Friday, April 27, 2007

Mr. Bean's Holiday

Mr. Bean's Holiday is the movie equivalent of a nuclear bomb: the fallout from this bomb will kill any goodwill you might have towards the character of Mr. Bean. It takes a special kind of movie to make you hate other movies, but this one accomplishes that so effortlessly that I was left seriously questioning what I ever saw in Rowan Atkinson's creation in the first place. Simply put, you can't watch this movie and not look at 1997's Bean or the old Mr. Bean TV show the same way again.

Something we should address from the get-go: I was (and in theory still am) a fan of the first Mr. Bean movie. It was an acquired taste, to be sure, but it had a fun combination of slapstick, bizarreness, and British humor. This film throws all that out and tries to start over, taking the sequel in a completely different direction. It gave me a bit of perspective on why I found the original so funny:

1. People realized Mr.

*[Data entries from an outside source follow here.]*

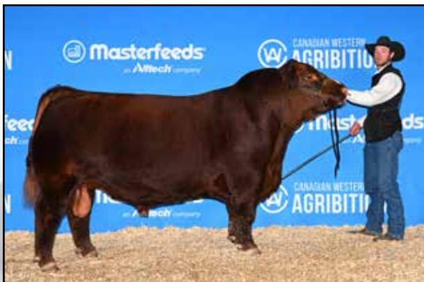
RED EYE HILL MAMA'S BOY 23J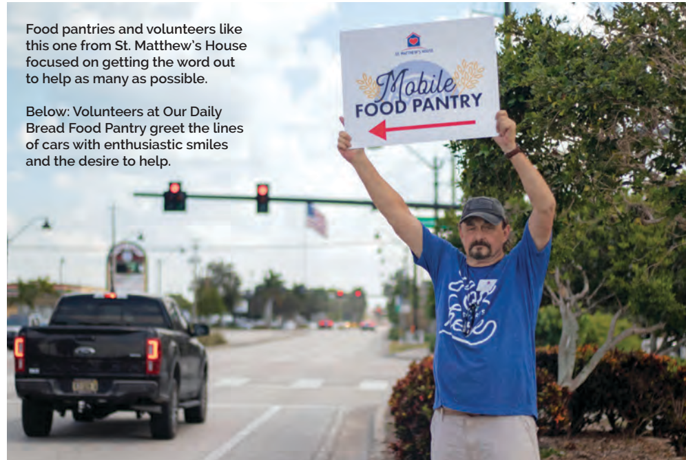
Food pantries and volunteers like this one from St. Matthew's House focused on getting the word out to help as many as possible.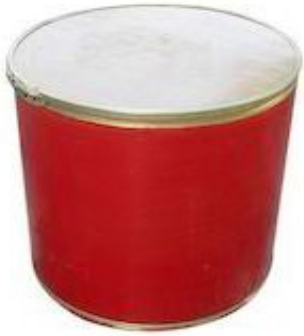
Red Color Fibre Drum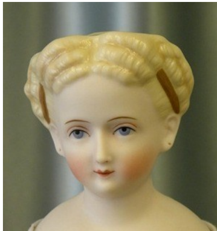
Parthenia Item#: K607

Elegant classic lady may be made as a china or parian. Unique Grecian style molded hair. Pierced ears. Doll size: 12—14" Arm mold: A9605 Leg mold: L9636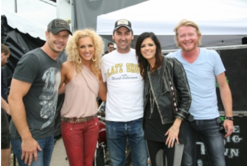
L-R: Jimi Westbrook, Kimberly Schlapman, Mike Wolfe, Karen Fairchild, Phillip Sweet

One of the most coveted auction items of the day was an autographed Epiphone Guitar signed by Little Big Town, Rascal Flatts and Edens Edge and was purchased by Mike Wolfe from The History Channel's successful reality show, American Pickers .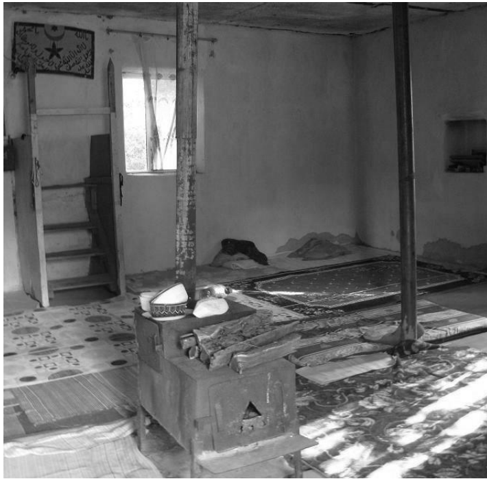
Handmade Minbar and 'Pechi' (Stove) inside the Mosque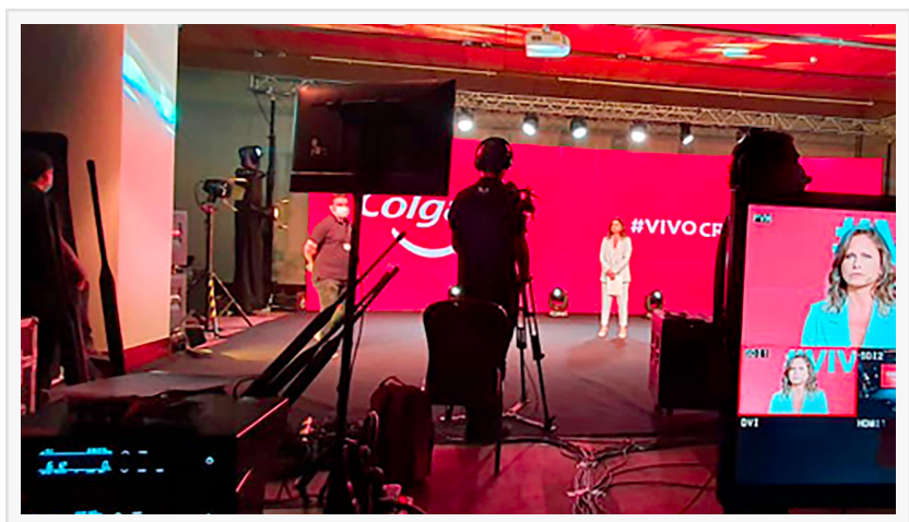
RLALATAM Virtual Event Recording Studio

SAN JOSE, CA, UNITED STATES OF AMERICA, June 27, 2022 /EINPresswire.com/ -- Today Engagez, a global leader in digital engagement and virtual event solutions, and RLALatam, the largest <u>audiovisual</u> <u>provider</u> in Latin America, and a leading global event production

Bean was unstable and frighteningly strange, and they called him out on it (and even arrested him for it).

2. Bean had a straight-man to play off of, who was constantly shocked at how idiotic Bean could be.

3. There was an attempt at a plot.

I'm quite sure there was more to it than that, but those three will suffice in helping me explain this atrocity. Most frustrating, people don't seem too shocked by the things Bean is doing. For better or worse, he works as a character because he was always a fantasy character placed in the real world. Here he may as well be living in a fantasy world as no one bats an eye at half the things he does. Which brings me to my next point: there's no straight-man.

How many times in your life can you honestly say "This movie sure could use some Peter MacNicol" with a straight face? Apparently the answer is now "at least once." With no one to play off of Bean's zaniness, it gets pretty excruciating. And let me clue you in to a little secret: Mr. Bean has never been a very verbal character. So with no real sidekick here, it quickly becomes apparent what you're watching: a silent movie. Towards the end he meets up with a young woman who talks to him, but otherwise Bean rarely speaks, even to the young boy he meets and befriends. And last I checked, there wasn't really a market for silent movies.

The plot is nonexistent. Bean wins a trip to France and he decides to visit the beach. Since he's Mr. Bean, it takes him 90 minutes to find the beach. Along the way he helps a kid reunite with his lost dad, and he screws up the Cannes film festival. The first film may not have had a brilliant plot, but it had something to keep you interested. Here it's nothing more than a string of bad skits. And these skits made something abundantly clear: Rowan Atkinson is deeply depressed.

Atkinson always seemed to be having fun with this character in the past. Here he seems tired and sad, like he realized that he's doomed to be Mr. Bean forever. Perhaps that's why this film is so bad: he wants people to stop asking him for more Bean, so he made the worst possible film he could. After this film people will be asking for Bean III about as much as they were asking for another Batman film after Batman & Robin or another Cadyshack after Cadyshack II. Because really, I have not come out of a movie this disheartened in a long time.

RIP Mr. Bean.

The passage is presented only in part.